Question 624550


{{{2m^2+2m-12=0}}} Start with the given equation.



Notice that the quadratic {{{2m^2+2m-12}}} is in the form of {{{Am^2+Bm+C}}} where {{{A=2}}}, {{{B=2}}}, and {{{C=-12}}}



Let's use the quadratic formula to solve for "m":



{{{m = (-B +- sqrt( B^2-4AC ))/(2A)}}} Start with the quadratic formula



{{{m = (-(2) +- sqrt( (2)^2-4(2)(-12) ))/(2(2))}}} Plug in  {{{A=2}}}, {{{B=2}}}, and {{{C=-12}}}



{{{m = (-2 +- sqrt( 4-4(2)(-12) ))/(2(2))}}} Square {{{2}}} to get {{{4}}}. 

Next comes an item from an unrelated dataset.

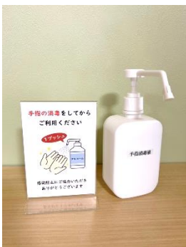
館内各所に消毒剤設置しています。 こまめに殺菌を！
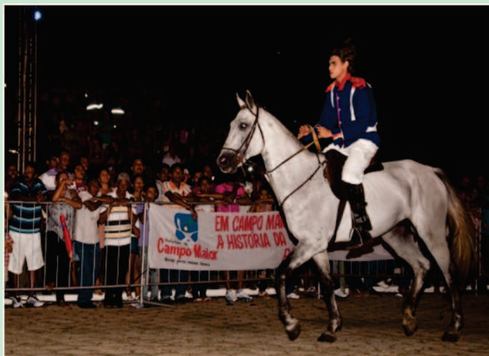
Encenação Batalha do Jenipapo

{{{m = (-2 +- sqrt( 4--96 ))/(2(2))}}} Multiply {{{4(2)(-12)}}} to get {{{-96}}}



{{{m = (-2 +- sqrt( 4+96 ))/(2(2))}}} Rewrite {{{sqrt(4--96)}}} as {{{sqrt(4+96)}}}



{{{m = (-2 +- sqrt( 100 ))/(2(2))}}} Add {{{4}}} to {{{96}}} to get {{{100}}}



{{{m = (-2 +- sqrt( 100 ))/(4)}}} Multiply {{{2}}} and {{{2}}} to get {{{4}}}. 



{{{m = (-2 +- 10)/(4)}}} Take the square root of {{{100}}} to get {{{10}}}. 



{{{m = (-2 + 10)/(4)}}} or {{{m = (-2 - 10)/(4)}}} Break up the expression. 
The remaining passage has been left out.